Q: What is ORCA?
A: The Ocean Research College Academy in Everett is a program like Running Start, through Everett Community College. I did my first two years of high school at Lakewood, but I was happy to be accepted at ORCA. My brother went through ORCA, too, and loved it. It’s a rigorous and challenging program that is better and more compelling for me. I can focus on science.
Q: So will you graduate from Lakewood, ORCA and the community college in June?
A: Yes.
Q: How many students are in the academy?
A: About 40 juniors and 40 seniors.
Q: What are some of your classes?
A: Right now, chemistry and calculus at the college, and English, marine biology and oceanography at ORCA. English and history at ORCA are focused on critical writing and analysis.
Q: Where are you headed for college and what do you plan to study?
A: I’m going to the University of Washington to major in public health, and more specifically epidemiology. I am especially interested in childhood diseases. I would like to work in Africa for awhile.
Q: Where in Africa?
A: In Malawi. I want to go back. I spent time there with a short-term missions project through my church, Warm Beach Community. We helped out in an orphanage, where the kids had HIV and suffered from malaria. It was a life-changing experience. It’s one thing to read about poverty, but to see it in person makes it so much more real. It totally opens your eyes. What happened in Malawi plays a big role in my goal to become an epidemiologist. Eventually, I would like to earn a doctorate in epidemiology and work for the World Health Organization.

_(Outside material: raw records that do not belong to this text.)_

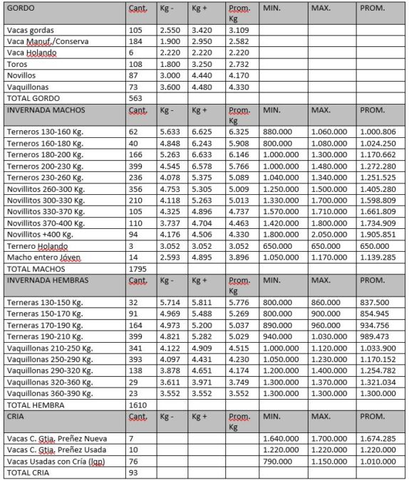 Total Gordo, Invernada y Cria: 4061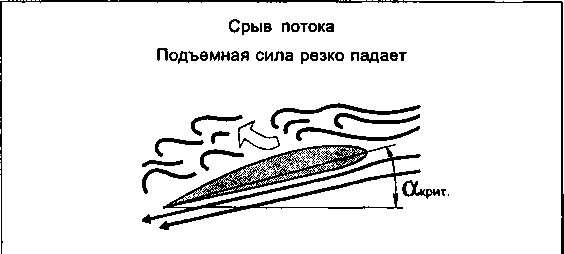 Когда угол атаки достигает значительной величины, становится критическим, характер обтекания крыла изменяется. Сходящий с него воздушный поток перестает быть плавным, ламинарным. Он отрывается от верхней поверхности крыла, и начинает завихряться, становиться турбулентным. В этом случае подъемная сила крыла резко падает, и самолет начинает терять высоту или срывается в штопор.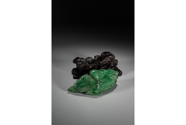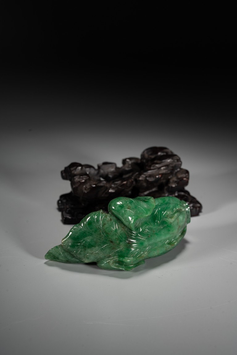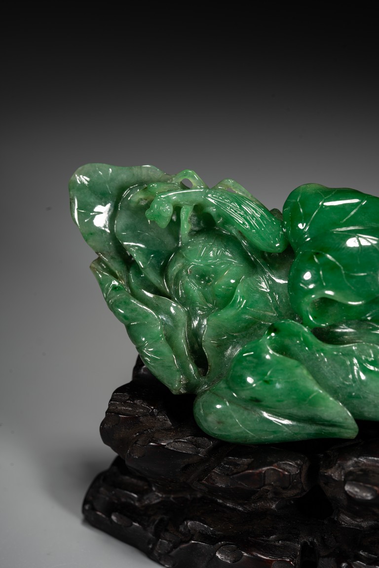 Qing Dynasty period. Carved in the form of a cabbage with a mantis clambering on it, the stone is of rich emerald green color, with wood carved stand. The cabbage with mantis in Chinese culture signifies the good fortune and prosperity.

Q: So, we understand that you did an unpaid internship last summer at the Snohomish County Health District. What was your project there?
A: I studied toxins in cosmetics and prepared a presentation that the health department is still offering in area high schools. There are preservatives, chemicals called parabens, that are not regulated and show up in all kinds of shampoos, deodorants and creams. Parabens have been linked to cancer.
Q: We also understand that you recently returned from the Washington, D.C., area, where you delivered a paper at a national undergraduate research conference run by the National Science Foundation. What is your research?
A: I am studying the local river otter population. The otters are so cute and sociable. They have parties on the dock together.
ORCA director Ardi Kveven skippers our school’s inflatable craft and we go out to Jetty Island each week. I download photos from a motion-sensor camera we have over there and I collect otter scat. I examine the scat to see what the otters are eating and check it for the presence of giardia and other harmful protozoa. Cat poop, which washes down creeks and storm drains, is showing up in the Snohomish River as a vector for these protozoa, which can be toxic to marine animals. The research isn’t fast. It’s a lot of data collection. Over and over, week after week.
Q: Will you present your research again?
A: Yes, at the ORCA open house at 6 p.m. Thursday and at the University of Washington’s undergrad research symposium in May. I also hope to have it published.
Q: What do you like to do when you aren’t studying or looking through a microscope?
A: I like to hike at Mount Pilchuck and in the Paradise Valley Conservation Area and bike the Centennial Trail, especially the newest part north of Arlington. I also teach Sunday school at my church. And I like to hang out on Jetty Island in the summer with my friends.
Q: Jetty Island is an interesting place, isn’t it?
A: Yes, it’s a man-made island, but it has naturalized and has its own ecology. I’ve seen coyotes over there and all kinds of raptors and other birds. I love being outdoors. It’s so cool.
I also had a job at Wendy’s for awhile. It was good because I learned how to work and I learned how to talk with all sorts of people. Every experience is a good one.